Joni Mitchell’s 25 Best Quotes On Music, Fame, and Neil Young

Canadian songwriting legend Joni Mitchell is in a coma and unresponsive, according to TMZ. The website reported Tuesday that Mitchell was in hospital with “no immediate prospects for getting better.”

TMZ reports that Mitchell’s longtime friend Leslie Morris filed legal documents to obtain “conservatorship” over the Saskatchewan-raised songwriter, because no other close relatives were available.

Mitchell began singing in small nightclubs in Saskatchewan and Western Canada and then busking in the streets and small club of Toronto. In 1965, she moved to the United States and began touring. Some of her original songs (“Urge for Going”, “Chelsea Morning”, “Both Sides, Now”, “The Circle Game”) found homes with other folk singers, allowing her to sign with Reprise Records and record her own debut album in 1968.

Mitchell has deeply influenced fellow musicians in a diverse range of genres, and her work is highly respected by critics. AllMusic said, “When the dust settles, Joni Mitchell may stand as the most important and influential female recording artist of the late 20th century”, and Rolling Stone called her “one of the greatest songwriters ever”. Her lyrics are clebrated for addressing social and environmental ideals alongside personal feelings of romantic longing, confusion, disillusion, and joy.

Tonight might be just another time to listed to her Blue album. With this in mind, let’s hope she pulls through, and honour her fighting with 25 of her greatest quotes.

On music: “I see music as fluid architecture.”

“There are things to confess that enrich the world, and things that need not be said.”

“When the world becomes a massive mess with nobody at the helm, it’s time for artists to make their mark.”

“In some ways, my gift for music and writing was born out of tragedy, really, and loss.”

“I don’t like being too looked up at or too looked down on. I prefer meeting in the middle to being worshiped or spat out.”

“I thrive on change. That’s probably why my chord changes are weird, because chords depict emotions. They’ll be going along on one key and I’ll drop off a cliff, and suddenly they will go into a whole other key signature. That will drive some people crazy, but that’s how my life is.”

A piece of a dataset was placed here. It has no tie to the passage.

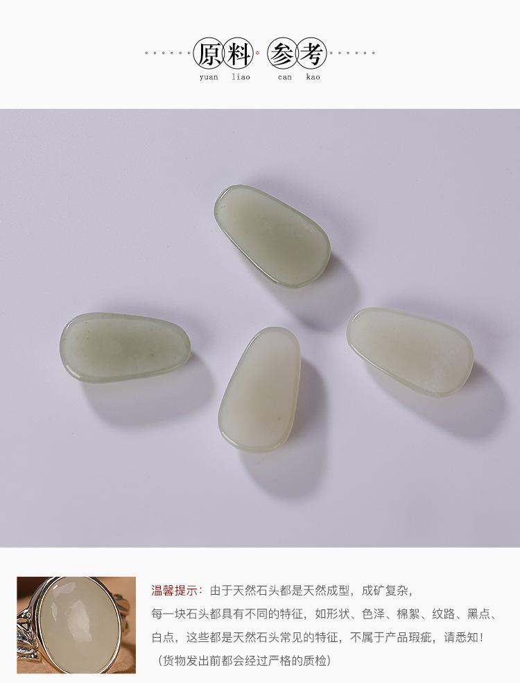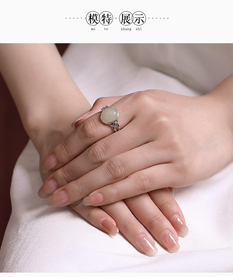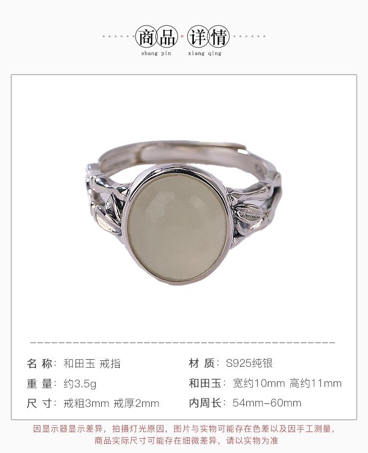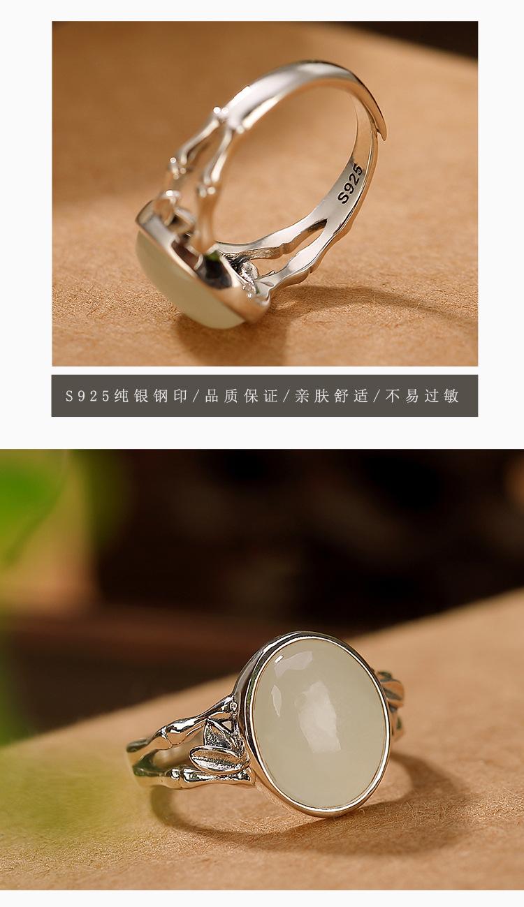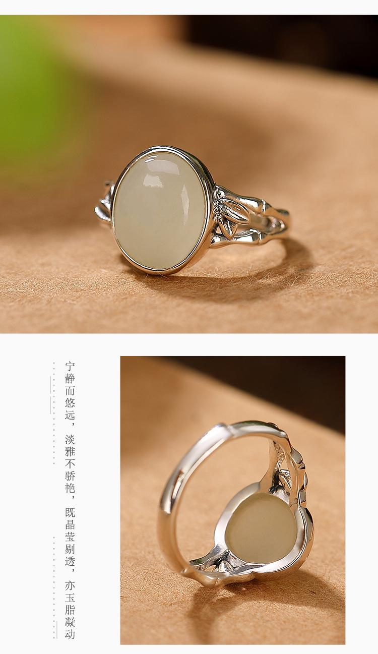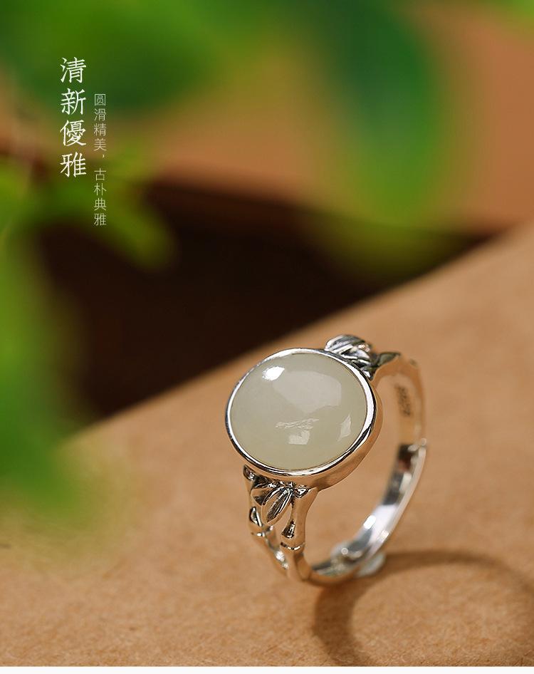 Anillo de plata de ley Yilu S925 con diseño de jade hetiano, jade blanco, hoja de bambú, cara hueca, temperamento versátil para damas.

“I don’t understand why Europeans and South Americans can take more sophistication. Why is it that Americans need to hear their happiness major and their tragedy minor, and as jazzy as they can handle is a seventh chord? Are they not experiencing complex emotions?”

“I had made all these rules for myself: I’m not writing social commentary, I’m not writing love songs.”

“Back then, I didn’t have a big organization around me. I was just a kid with a guitar, traveling around. My responsibility basically was to the art, and I had extra time on my hands. There is no extra time now. There isn’t enough time.”

“Not to dismiss Gershwin, but Gershwin is the chip; Ellington was the block.”

“When you’re trying to pass on the best of the stuff you’re culling to what should be a hungry culture but you have it diminished… that’s kind of disappointing.”

“I hate show business.”

“I always thought the women of song don’t get along, and I don’t know why that is.”

On the difference between New York and Los Angeles: “In New York, the street adventures are incredible. There are a thousand stories in a single block. You see the stories in the people’s faces. You hear the songs immediately. Here in Los Angeles, there are less characters because they’re all inside automobiles.”

On the environment: “The thing that gave me the most pain in life, psychologically, and it gave me tremendous pain psychologically, is man’s disrespect for nature.”

“I see the entire world as Eden, and every time you take an inch of it away, you must do so with respect.”

On Neil Young: “You know, Neil Young is singing Rock n’ roll will never die, and Neil never rocked and rolled in his life. I mean, he rocked, but he didn’t roll. He has got no swing in him.”

On humans: “My heart is broken in the face of the stupidity of my species.”

On songwriting: “You could write a song about some kind of emotional problem you are having, but it would not be a good song, in my eyes, until it went through a period of sensitivity to a moment of clarity. Without that moment of clarity to contribute to the song, it’s just complaining.”

“My goal as a writer is more to comfort than to disturb.”

On her childhood: “My childhood was very difficult. I had every childhood disease and then some, but my parents didn’t mollycoddle me. They left me to fight those battles on my own. I guess that was very Canadian, very stoic. But it’s good. I had to become a warrior. I had to give up hope and find a substitute for hope that would be far more stable.”

On America: “This is a nation that has lost the ability to be self-critical, and that makes a lie out of the freedoms.”

On creativity: “I sing my sorrow, and I paint my joy. Sorrow is so easy to express and yet so hard to tell.”

On getting older: “You wake up one day and suddenly realize that your youth is behind you, even though you’re still young at heart.”

“I know my generation – a lot of them, they’re getting old now, and they want to think back fondly, they want to kid themselves. A lot of them think, ‘Yeah, we were the best.’ That’s the kiss of death. That’s non-growth. And also that’s very bad for the world.”

On life: “My name had gone stale, and no matter how progressive I got, it was my time to die.”